What would happen if bees went extinct?


For millions of years, bees have been hard at work carrying pollen from one flower to another. These small but mighty creatures are responsible for helping sustain all life on the planet, thanks to their vital role in local ecosystems.

And yet, despite their importance, for almost two decades, beekeepers have been raising the alarm about declining bee populations. So, what would the extinction of bees mean for humans, plants, and the environment?

The importance of bees in the ecosystem

We may only think of bees as providers of honey, but they are also critical to our food production systems. Bees are nature’s most important pollinators, which means they pick up the pollen of flowers and spread it around, enabling plants to reproduce. This is particularly significant for food crops such as fruits, nuts, and vegetables.

In fact, almost 75% of crops cultivated for human consumption across the world depend on bees for pollination, including both honeybees raised for farming and over 20,000 species of wild bee. In the US alone, there are nearly 3 million colonies with tens of billions of bees – which pollinate around $15 billion worth of crops every year, from zucchinis to almonds.

Not only are they life-sustaining, but they are economic drivers, supporting agriculture around the world. So much so that you can even donate bees to households in the developing world, to not only provide an immediate income through honey and beeswax, but to help support their crops through pollination.

This makes bees essential for global food security, as well as an important source of income for many rural livelihoods.

The reasons behind the decline of bee populations

Sadly, the bee population is facing increasing challenges, largely due to human behavior. In 2022, honeybee hives in the US saw their second highest death rate on record, with beekeepers losing almost half of their managed colonies.

There are several factors contributing to the decline of both honeybees and wild bees, including:

  • Climate change. Significant weather changes, such as unusually warm weather, can bring bees out of their normal seasonal routine.
  • Intensive farming practices. The loss of natural bee habitats reduces access to food, while pesticides weaken their immune systems and make them vulnerable to disease.
  • Air pollution. Bees’ ability to locate food may be affected by air pollutants interacting with the scent molecules released by plants.
  • Parasites. European honeybees have been particularly impacted by a harmful parasite known as varroa destructor, which can transmit viruses and cause entire bee colonies to collapse.   

The impact of bee extinction on the global food supply

We don’t want to alarm you, but if bees become extinct, the effects will be felt throughout major ecosystems. Many plants can only be pollinated by bees and would most likely die out unless humans are able to come up with a technological solution. This, in turn, would impact the wider habitats and food webs these plants are part of – triggering additional declines or extinctions.

When it comes to agriculture, the loss of bees would significantly alter what humans eat, since many fruits and vegetables could not be cultivated cheaply and on a mass scale as they are now. The result would be a dramatic decline in the availability and diversity of the types of fresh produce we’re accustomed to. Hand pollination may be an option for certain crops but is costly and labor-intensive – pushing up consumer prices. 

Yet while it may be farewell to avocado on toast and almond lattes, the silver lining is that the majority of human food still comes from cereal grains which are wind-pollinated, making it possible to avert global famine.

Conservation efforts and technological responses: potential solutions

Governments and decision-making bodies worldwide have recognised the serious threat posed to the existence of bees. In 2018, the European Union upheld a partial ban on a number of insecticides, and the United Nations’ post-2020 biodiversity framework calls for a reduction of pesticides by at least two-thirds by 2030. The UN has also declared May 20 World Bee Day to highlight the importance of protecting bees and their habitats.

Meanwhile, tech startups like Beewise  are developing technologies to help beekeepers manage their bee populations more effectively. For example, “smart beehives” use AI to monitor temperature, humidity, and bee behavior – alerting the beekeeper if there is a problem in their hives.
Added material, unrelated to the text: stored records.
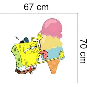 Adesivo de parede bob tomando sorvete Medida: 67 x 70 cm As imagens anunciadas são ilustrativas Tamanho do adesivo O adesivo da foto parece grande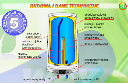By chronić ogrzewacz przed korozją, zastosowano specjalną emalię ceramiczną oraz anodę magnezową (wymienianą w gestii użytkownika).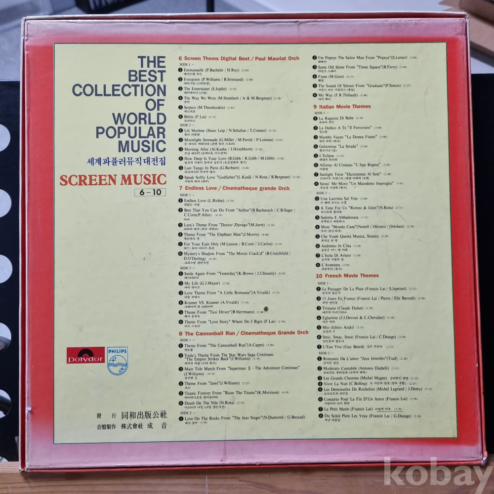 세계파퓰러뮤직대전집 4LP(6번 음반이 없습니다) 동화출판공사 박스반
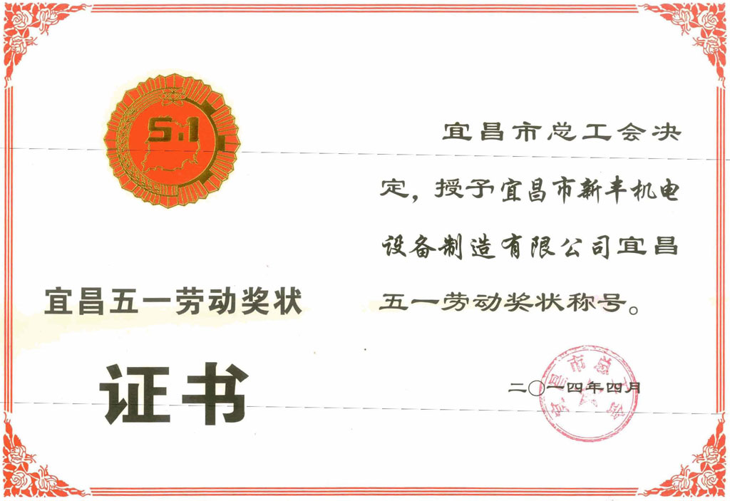 新豐機(jī)電獲宜昌五一勞動(dòng)獎(jiǎng)狀

There’s also a drive for technological solutions that can ensure pollination even when there is a shortage of local bees. Robotic bees are already in commercial use, using vibrations to mimic the wing action of a bee, triggering the release of pollen.

The role of urban beekeeping and community Initiatives

With growing public awareness around declining bee populations, recent years have seen a surge in urban beekeeping such as backyard and rooftop beehives.
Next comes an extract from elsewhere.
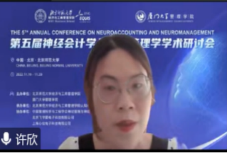 The speakers on the morning of the 19th include Prof. Kuang Xi, Georgia Institute of Technology, USA; Prof. Agnieszka Tymula, University of Sydney, Australia; Prof. Yuzhen Liu, Peking University; Prof. Yu Pan, Shanghai International Studies University; and Prof. Chao Liu, Beijing Normal University. The keynote speeches were hosted by Tang Honghong from Beijing Normal University and Chen Yasheng from Xiamen University. The topic of professor Kuang Xi’s speech was Behavioral Accounting Research in the New Era. He built a theoretical framework of behavioral accounting research, based on which he introduced the latest achievements of behavioral accounting research in the fields of social media, social responsibility, remote work and mobile communication, and predicted the future direction of behavioral accounting research. Professor Agnieszka Tymula from the University of Sydney in Australia made a report titled Gender Differences in Risk Attitudes from the perspective of Neuroeconomics. She introduced the phenomenon that women are more risk averse than men. Through systematic research, she found that the difference in risk attitudes between men and women is due to the actual inequality of women in society. Differences in risk attitudes between men and women could be reduced by increasing equality between men and women in societies or by providing better information. From the perspective theory and psychological accounting, Professor Liu Yuzhen from Peking University introduced the types of behavioral bias and the ways to correct them, as well as the importance of understanding investor decision-making. At the same time, he pointed out the significance of commercialization of behavioral science and the importance of investor education through behavioral finance and neurofinance to achieve common prosperity. The topic of Professor Pan Yu's speech was Exploration and Research on brain-computer collaborative information behavior. He introduced information behavior, the application of neuroscience in information behavior in the context of management science and the research development of brain-computer collaborative information behavior, and expected to use multiple research methods to explain the regular mechanism and scientific paradigm of information behavior in the environment of multiple intelligences in the future. The topic of Professor Liu Chao's speech from Beijing Normal University is Social Navigation: How Spatial Codes Support Navigating in the Abstract Social Space , the latest research results demonstrate that virtual (interpersonal) space navigates in the same neural mechanism as physical space and conceptual space.

However, contrary to popular belief, experts say that these may be doing more harm than good – by making it harder for wild bees to find food. Studies have shown that areas with the largest increase in domesticated honeybees actually had the lowest wild bee populations.
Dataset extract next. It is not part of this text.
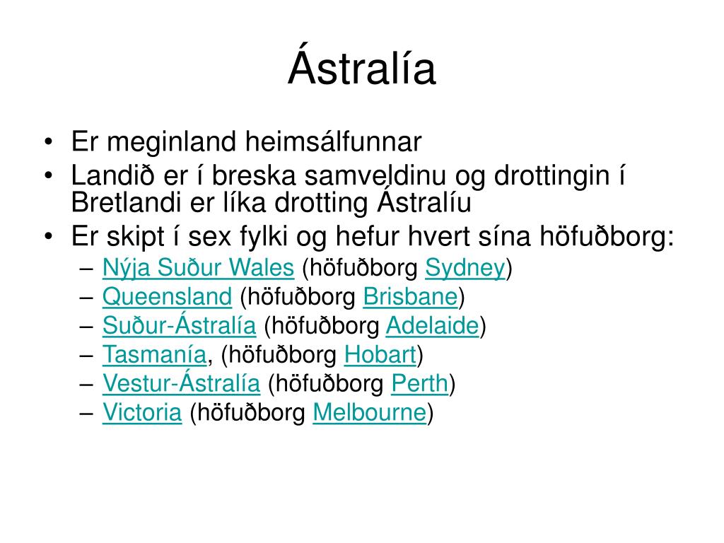 Ástralía • Er meginland heimsálfunnar • Landið er í breska samveldinu og drottingin í Bretlandi er líka drotting Ástralíu • Er skipt í sex fylki og hefur hvert sína höfuðborg: • Nýja Suður Wales (höfuðborg Sydney) • Queensland (höfuðborg Brisbane) • Suður-Ástralía (höfuðborg Adelaide) • Tasmanía, (höfuðborg Hobart) • Vestur-Ástralía (höfuðborg Perth) • Victoria (höfuðborg Melbourne)

So how can we play our part in helping save the bees? The answer is to support the beekeeping industry and make your garden more friendly to wild bees. Here are some actions you can take:

  • Buy honey and other bee products from local beekeepers.
  • Plant native or nectar-bearing flowers that bloom at different times of the year.
  • Leave small areas of the yard for wildflowers, weeds, and fallen leaves.
  • Preserve old meadows and cut their grass only after flowers have finished blooming.
  • Only use pesticides that don’t harm bees, and spray early in the morning or late at night.